Derde deel van de drie:
Matrixen vermenigvuldigen om het probleem te voltooien
-
1 Schrijf beide mogelijke vergelijkingen. In "gewone wiskunde" met scalaire grootheden is vermenigvuldiging commutatief; 2 x 6 = 6 x 2. Dit is niet waar voor matrices, dus u moet mogelijk twee problemen oplossen:
- [A] * [B]-1 is de oplossing X voor het probleem X[B] = [A].
- [B]-1 * [A] is de oplossing X voor het probleem [B]X = [A].
- Als dit deel uitmaakt van een vergelijking, zorg er dan voor dat u aan beide kanten dezelfde bewerking uitvoert. Als [A] = [C], dan [B]-1[A] doet niet gelijk [C] [B]-1, omdat de [B]-1 bevindt zich aan de linkerkant van [A], maar aan de rechterkant van [C].[11]
-
2 Zoek de dimensies van uw antwoord. De afmetingen van de uiteindelijke matrix zijn de buitenste dimensies van de twee factoren.
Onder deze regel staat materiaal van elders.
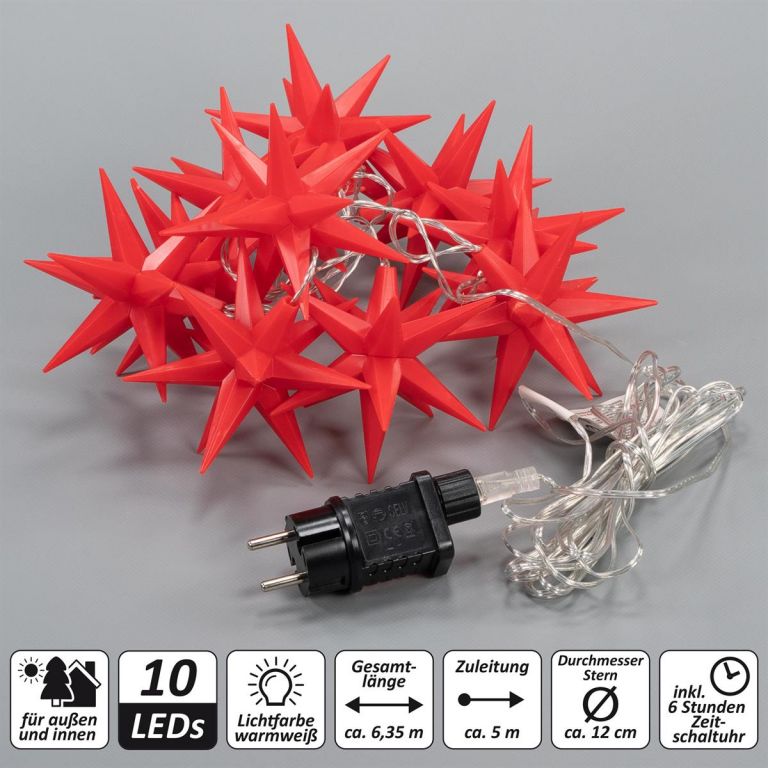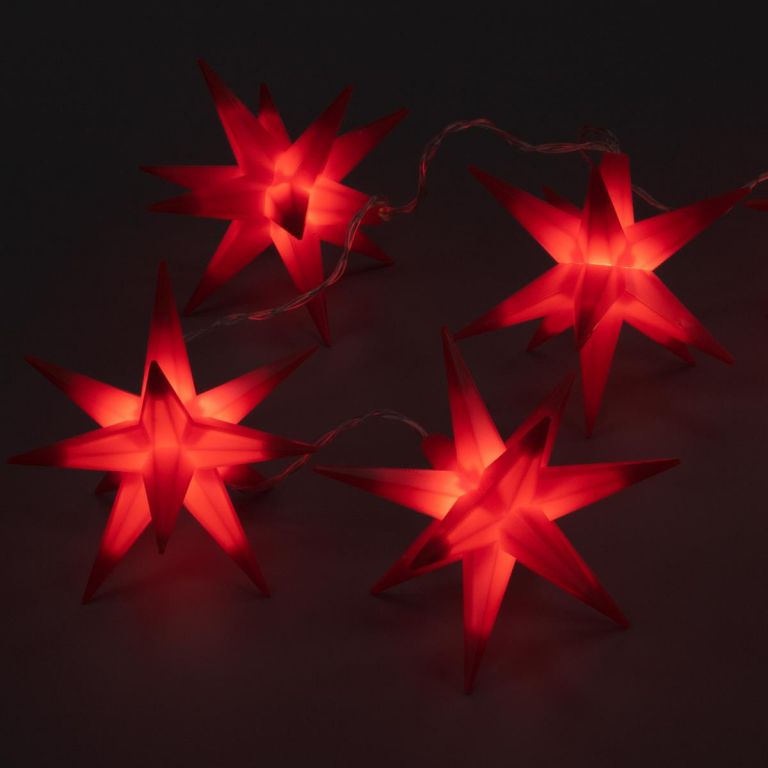 Vánoční LED hvězdy, červené, 10 LED, průhledný kabel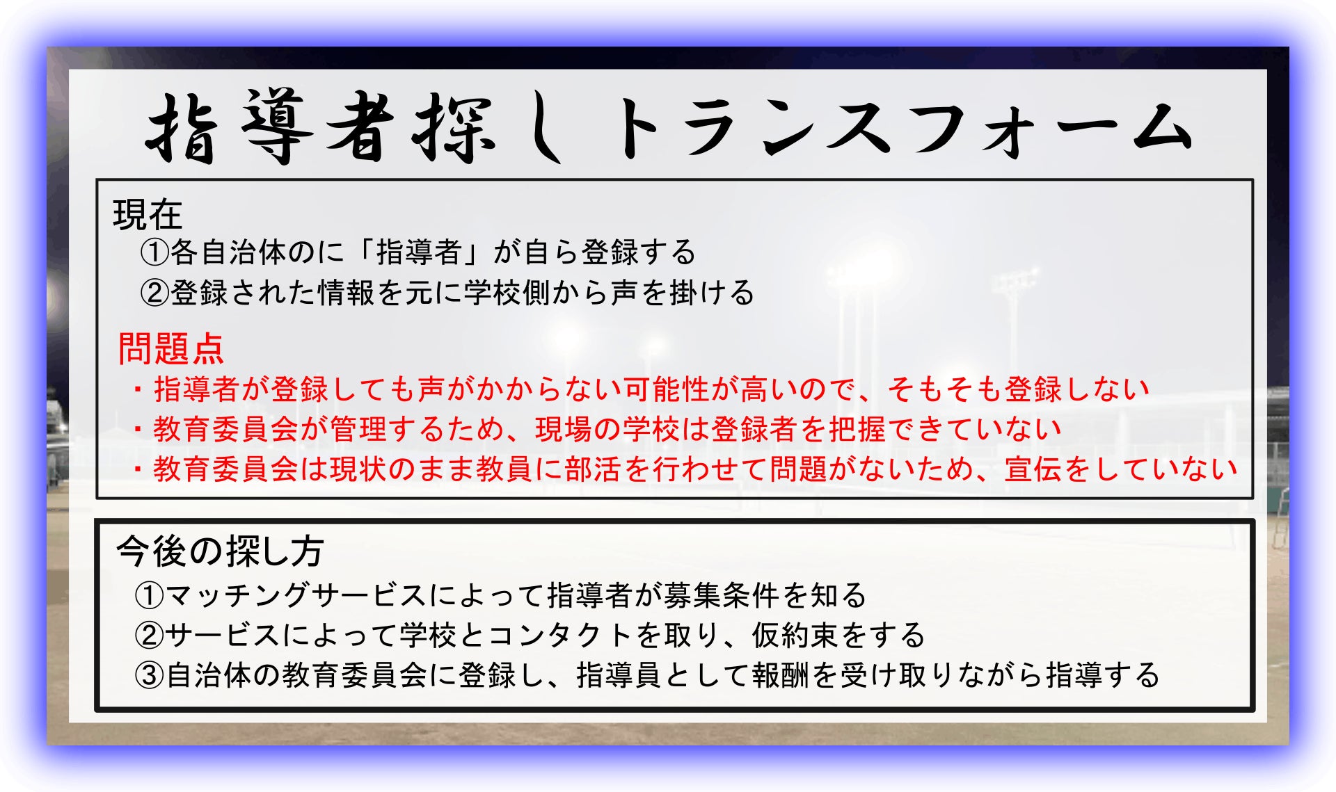 この問題を解決し、スピーディーに外部の指導者を探せる仕組みを構築することで、国や自治体が教員の労働改善のために出してくれているお金をうまく配分できるようになります。この仕組みがうまくいけば、部活動に関する予算も増えさらに部活動が充実したものになると信じています。

Het heeft hetzelfde aantal rijen als de eerste matrix en hetzelfde aantal kolommen als de tweede matrix.
- Terugkeren naar ons oorspronkelijke voorbeeld, beide en zijn 2 x 2 matrices, dus de afmetingen van het antwoord zijn ook 2 x 2.
- Om een meer gecompliceerd voorbeeld te nemen, als [A] een is 4 x 3 matrix en [B]-1 is een 3 x 3 matrix en vervolgens de matrix [A] * [B]-1 heeft afmetingen van 4 x 3.
-
3 Zoek de waarde van het eerste element. Raadpleeg het gelinkte artikel voor volledige instructies of vernieuw uw geheugen met deze samenvatting:
- Om rij 1, kolom 1 van [A] [B] te vinden-1, vind het puntproduct van [A] rij 1 en [B]-1 kolom 1. Dat wil zeggen, voor een 2 x 2 matrix, berekenen .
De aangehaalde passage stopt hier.